Until recently, supporters of health care reform looked to the experience of Medicaid’s original implementation for reassurance that states will quickly fall in line to carry out major federal health care legislation. Within just two years after federal funds became available for Medicaid in 1966, 37 states agreed to participate, and all except Alaska and Arizona joined in after four years. The presumption among most Affordable Care Act supporters was that contemporary resistance to health care reform would similarly subside before too long as Republican governors and legislatures recognize that they and their constituents have too much to gain from embracing the law.

But the Affordable Care Act is a far more ambitious and complex piece of legislation than the original Medicaid law was, and its rollout is occurring under more inhospitable political conditions. Obamacare extends coverage to the uninsured through two main channels, both of which were intended by Congress to intimately involve the states. One of those is expansion of Medicaid, the state-administered insurance program for low-income Americans and nursing home residents that is jointly financed by the federal and state governments. The other main mechanism for extending coverage is through the creation of so-called insurance exchanges, which are governmentally organized and regulated marketplaces where uninsured Americans and small businesses can shop for health plans while paying premiums that will be partially covered by the federal government. Congress and the act’s designers expected that most states would be eager to develop and manage the exchanges to maintain greater control over how they operate, though the law also provided that the federal government could either step in where states declined to run the exchanges or set them up jointly with states that preferred a hybrid approach.
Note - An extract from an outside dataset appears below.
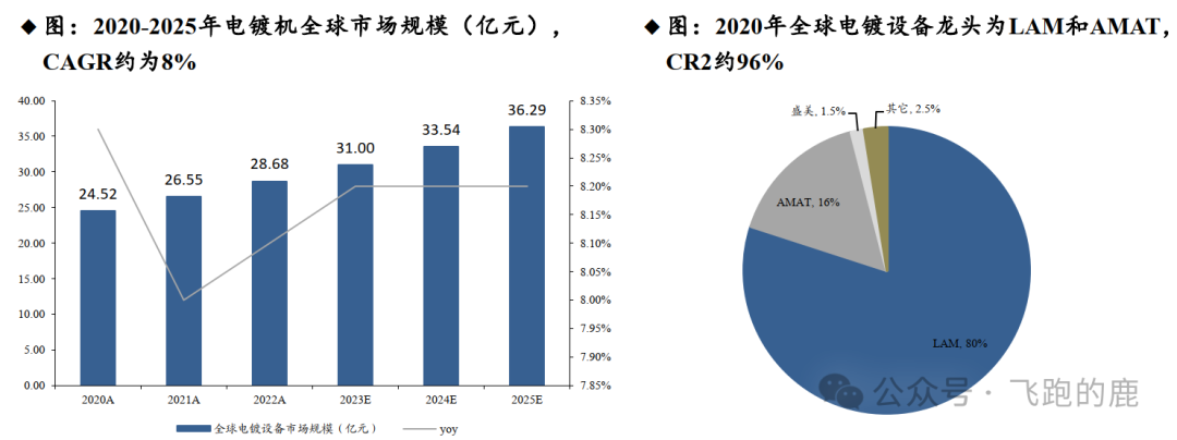 目前,2023 年全球晶圆电镀设备市场规模约 31 亿元,2020-2025 年 CAGR 约 8%;据 Gartner,2020 年该市场以国外企业为主,美系 LAM 和 AMAT 合计占 96%(LAM80%、AMAT16%),盛美上海仅占 1.5%,且前道市场由 LAM 垄断,后道主要是 AMAT、LAM 等国外企业,国内盛美半导体较领先。

On both the Medicaid and insurance exchange fronts, unforeseen developments have greatly impeded progress. The Supreme Court erected the surprise Medicaid hurdle in Chief Justice John Roberts’ ruling upholding the constitutionality of the Affordable Care Act but allowing states to opt of the legislation’s requirement to extend Medicaid coverage to Americans with incomes up to 138 percent of the poverty level. That decision opened up an escape hatch that eight states with Republican governors have already jumped through and another five are leaning toward. Only twelve states have so far agreed to accept the broadened Medicaid eligibility levels, with four more leaning in favor. Fully 21 states remain completely up in the air about Medicaid expansion. Even though the federal government would pay for almost the entire cost of expanding Medicaid, and states would likely end up saving money due to reductions in what they currently owe to medical providers for non-Medicaid uncompensated care, it is plausible that more than half the states will be opting out when health care reform takes effect in 2014. Although the main explanation from the recalcitrant states has been that they simply can’t afford to take on any additional outlays, providing health insurance to the poor has never been a high priority in conservative parts of the country.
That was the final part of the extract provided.